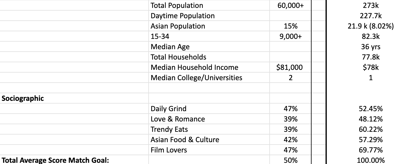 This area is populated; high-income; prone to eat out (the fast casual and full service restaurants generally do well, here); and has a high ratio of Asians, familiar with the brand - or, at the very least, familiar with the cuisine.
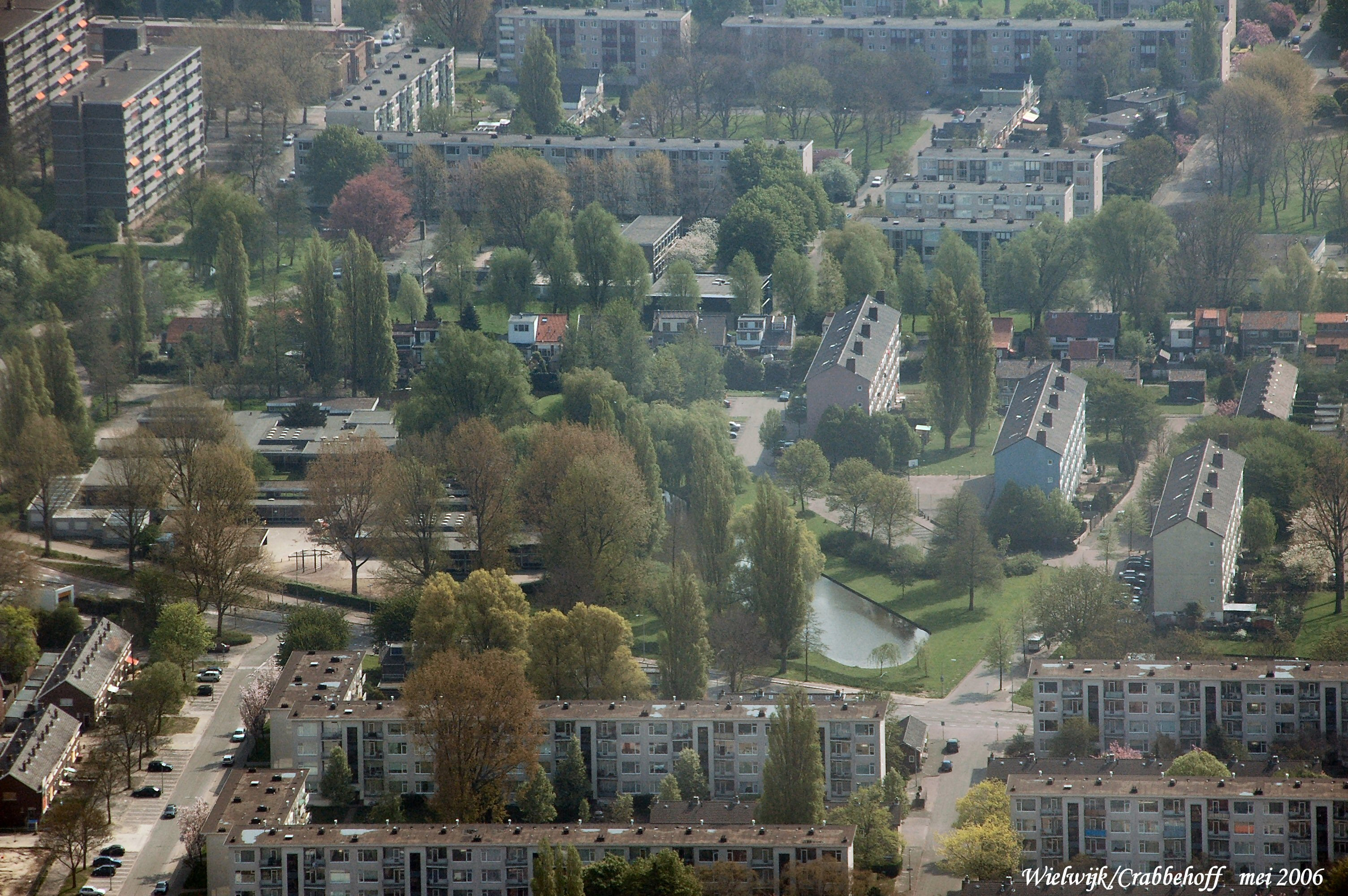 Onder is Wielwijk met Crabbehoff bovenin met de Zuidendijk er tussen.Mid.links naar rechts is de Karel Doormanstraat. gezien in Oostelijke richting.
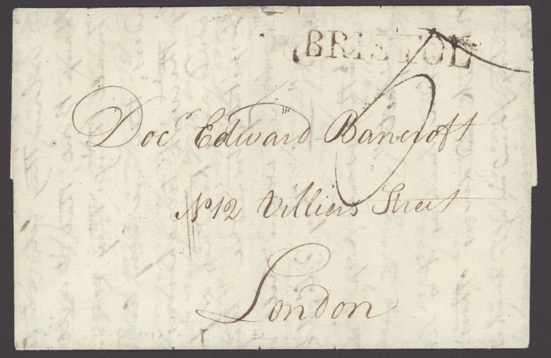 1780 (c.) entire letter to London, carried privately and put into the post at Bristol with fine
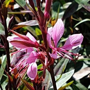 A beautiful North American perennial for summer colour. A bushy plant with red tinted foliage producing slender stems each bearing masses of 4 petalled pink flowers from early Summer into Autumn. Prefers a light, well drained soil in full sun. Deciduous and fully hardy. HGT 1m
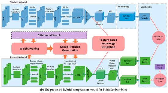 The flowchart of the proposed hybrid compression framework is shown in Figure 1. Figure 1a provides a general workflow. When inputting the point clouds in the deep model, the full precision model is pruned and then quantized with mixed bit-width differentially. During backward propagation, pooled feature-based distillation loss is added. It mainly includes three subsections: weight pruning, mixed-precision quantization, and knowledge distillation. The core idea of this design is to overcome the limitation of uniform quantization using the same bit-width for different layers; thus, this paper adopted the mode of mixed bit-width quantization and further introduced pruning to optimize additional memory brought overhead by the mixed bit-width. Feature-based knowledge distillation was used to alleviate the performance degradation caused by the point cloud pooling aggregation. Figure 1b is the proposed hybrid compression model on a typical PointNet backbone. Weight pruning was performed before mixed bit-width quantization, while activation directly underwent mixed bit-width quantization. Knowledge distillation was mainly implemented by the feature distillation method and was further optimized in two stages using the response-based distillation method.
===============
Task statement> With the pictures omitted, copy the entries above exactly from the line containing "Onder is Wielwijk" through the line containing "A beautiful North", both lines included.

Answer below>
 Onder is Wielwijk met Crabbehoff bovenin met de Zuidendijk er tussen.Mid.links naar rechts is de Karel Doormanstraat. gezien in Oostelijke richting.
 1780 (c.) entire letter to London, carried privately and put into the post at Bristol with fine
 A beautiful North American perennial for summer colour. A bushy plant with red tinted foliage producing slender stems each bearing masses of 4 petalled pink flowers from early Summer into Autumn. Prefers a light, well drained soil in full sun. Deciduous and fully hardy. HGT 1m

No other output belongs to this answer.